Friday, October 26, 2012

Dugeons and Resources: Sci-Fi Cities

Tonight is my games night and even though it is not my turn to GM I figured I could share some of the things I do to make my world. When it comes to role-playing games it is a GM’s job to create a world that the players are immersed into. Sometimes coming up with new and interesting locations can be an especially daunting task.

My personal specialty when it comes to GMing is heavily set in the more Sci-Fi futuristic style settings. When I was learning how to be a good GM I borrowed some of the base concepts from a role-playing tips email newsletter I get and modified them to my style. Though their concept was more targeted for a game called Traveller, its basic concepts are transferable to any science fiction setting.

From what I understand the term "Startown" is the game Traveller's phrase for a city connected to a ground starport. Each city is therefore connected to their interstellar community. When building a world in a game with tens of thousands of planets, it becomes overwhelming for the GM to think about individual cities. But like with all things a little bit of organization and random generators, the burdensome part of the task of creating these places can be taken care of. I used this system to build my own cities in my created universe of Shadowrun my favorite Sci-Fi game.

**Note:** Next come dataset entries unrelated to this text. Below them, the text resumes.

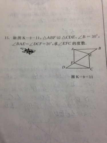 先证明AEF与CEF全等,由此得出AEF角与所求角相等,AEF角为20+30=50度。第二题主要是证明AEO与AFO全等,由此可得出这两个角相等,条件为AE=AF,OD相等,角EAO=FAO,可得出全等
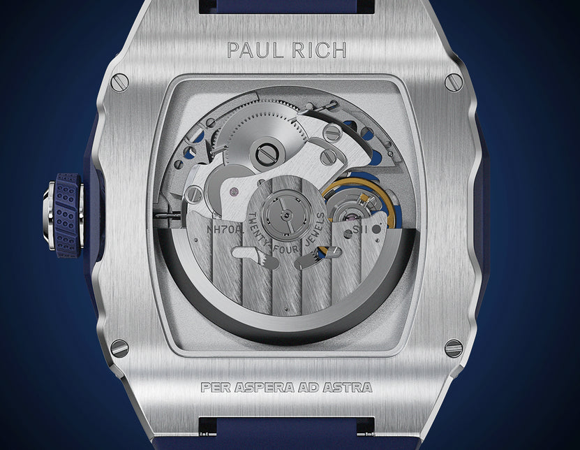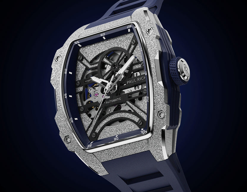 Introducing the Paul Rich Astro Skeleton—a tonneau-shaped masterpiece that seamlessly integrates innovation with sophistication. Its transparent skeleton dial unveils the intricate mechanics beneath, showcasing frosted baseplates and bridges. You can also appreciate the movement within through the open case back.
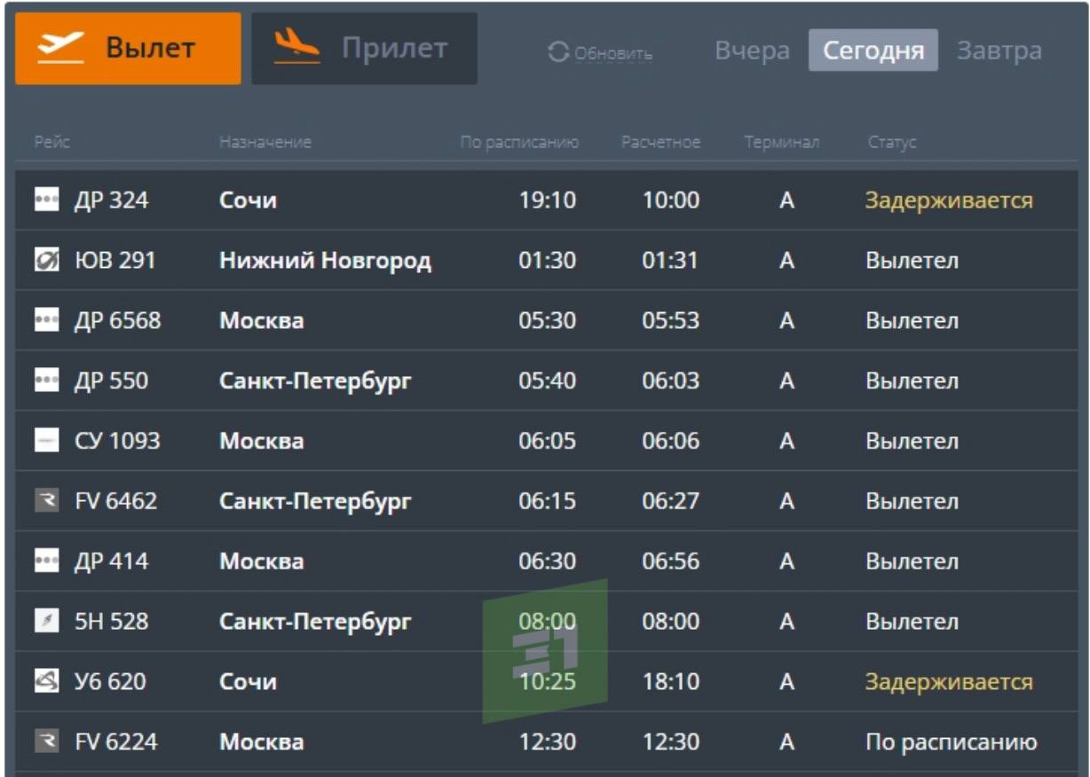 Рейс «Победы» был запланирован на 19:10, его перенесли на 10:00 понедельника. Борт «Уральских авиалиний» отправится с задержкой почти на 8 часов — вместо 10:25 в 18:10.
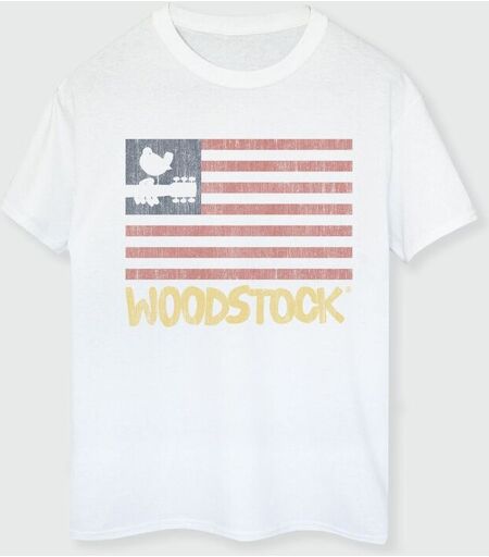 Brands In White Woodstock Flag Women Boyfriend Fit Music T-Shirt
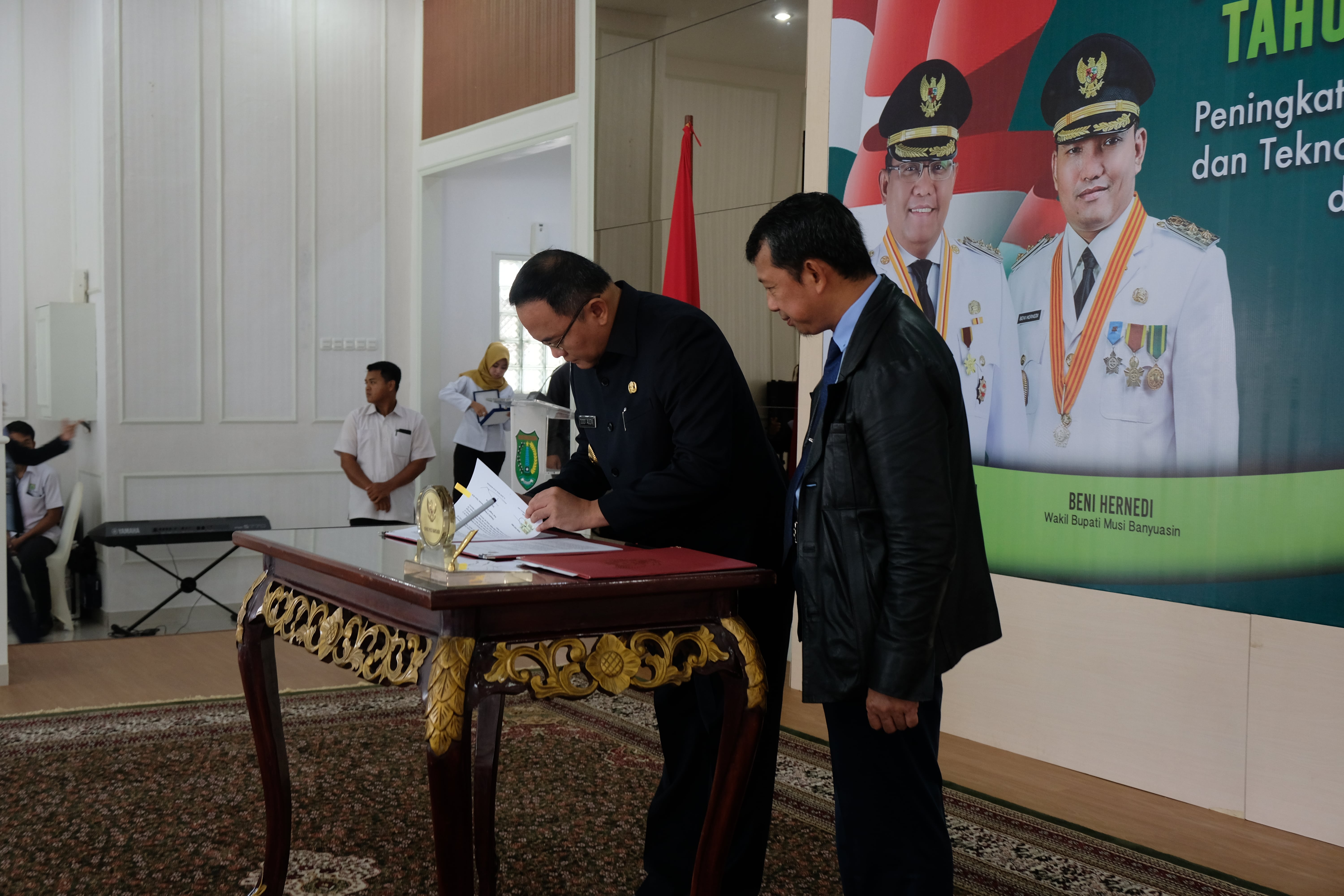 Sekayu, 19 Desember 2018 - Kepala Kanwil DJPb Provinsi Sumatera Selatan melakukan penandatanganan Nota Kesepahaman (MoU) dengan Bupati Musi Banyuasin, Bapak H. Dodi Reza Alex Noerdin, di Griya Bumi Serasan Sekate.
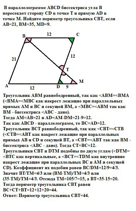 В параллелограмме ABCD биссектриса угла B пересекает сторону CD в точке T и прямую AD в точке M. Найдите периметр треугольника CBT, если АВ=21, BM=35, MD=9.
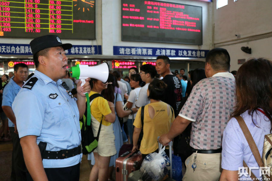 央廣網(wǎng)西安8月10日消息(記者雷愷 通訊員郝黎俊 許晶)多日降雨后,8月9日上午9時(shí)許,陜南漢中、安康地區(qū)再次普降大暴雨。受降雨影響,陽安鐵路線西鄉(xiāng)境內(nèi)區(qū)間發(fā)生塌方,線路臨時(shí)中斷。為確保旅客生命財(cái)產(chǎn)安全,正在陽安線安康至西鄉(xiāng)區(qū)間運(yùn)行的K8221次、K767次、K8223次等三趟列車折返回到安康火車站,造成上千名前往漢中的旅客滯留安康車站,安康鐵警全力護(hù)航滯留旅客出行。

First let us break it down into three basic ideas of what is important to think about when creating a city. Each game is different for example I use Shadowrun which is set on earth so all I had to do was think about a city or country and that would cover its location for me.

  1. Location
  2. Districts
  3. Connection

If you look to the history books you will soon realize most cities were formed for a reason they did not just spring up out of nowhere. There are essentially six reasons for a city and therefore a simple roll of the die will tell you why and where the city is set up
Depending on the features of the Planet or Country, a city may be built near one of the following features (roll 1D6):

  • A river or a steep, deep ravine.
  • A crossroads or centrally located between two large cities.
  • A resource. For example, a lake, ore smelter, refinery or shipyard.
  • An Imperial Naval base, an Imperial Scout base or an Military Garrison.
  • A mountain or atop a plateau overlooking hundreds of kilometers of land.
  • The world's or country’s capital city.

If you want to you can roll two times to make a city more interesting and dynamic.

At any given time a large city will usually have about six very different districts:

1) Warehousing
This is the area of the city with mostly dingy buildings and seedy bars filled with unsavory type NPCs. Typically looks abandoned, except when a large shipment is being loaded or unloaded into a building. This area operates at a constant level of activity day and night, meaning something could be potentially happening whenever. This is a great place to put secret backroom games or word of mouth only clubs, primo place for underground type dealings.

2) Industrial
This is where all of the cities factories are located, whether they are clean and new or old and dirty here is where the city stashes them. Typically looks a little like a warehousing district, except with a lot of the ambient noise of construction. At night this tends to be where the more organized crime does all of their dirty deals and also dispose of the bodies.

3) The Old City
This is a more central area of the city, here there are many mixed zones that are coexisting in an uneasy peace. Wealthy urban living mixed with slums, office and medical complexes, museums, libraries all in some of the city’s oldest buildings. Activity here is at all hours, but primarily during the day for both the locals and the tourist traffic. This is where old turf wars are disputed as the gangs battle for domination of their old neighborhoods. This is also where the older colleges and hospitals would be located because this is the original start of the city.

4) Tall Corporate
The clean, urban towers of fancy hotels, restaurants, and wealthy, big businesses make their homes here. Activity here happens at all hours, with lots of transportation such as cabs and limos from all points in the city in and out. Mostly people in suits and fancy wear are here and those less dressed stand out like sore thumbs.

5) Ex-Urban Light Corporate
Usually this is the Silicon Valley, where the young and struggling start- up companies find a place to get on their feet. Also the location of some super-wealthy but low-profile businesses set up shop to keep out of the corporate spot light. The wealthy tend to like to live here because it is located farther away from the central corporate areas. This area is busy during the day but oddly peaceful at night, and tends to be monitored around the clock. This is also where the private medical practices set up shop to serve those who can pay a pretty penny.

6) Habitats
Apartments and housing blocks where typical citizens live take up a majority of the space in this area. These are microcosms of urban living, that include little shops, pubs, parks, small offices, schools, and various typical services built-in or close at hand. Active most of the time, though it tends to be fairly quieter in the late evening and early hours of the morning.

This refers to how easily the city is connected to others around it and whether or not it has a large airport or not. Most of the time cities have developed infrastructure to work closely with is neighbors so as to share resources. 

This is just an idea on how to build the basic structure for a large urban centre and gives you a starting point from where to go. Things like a city’s culture are completely up to you and I think that is where the creative fun generally comes from. I hope that this concept is helpful for any aspiring GMs out there who might have been intimidated by the idea of creating a city from nothing.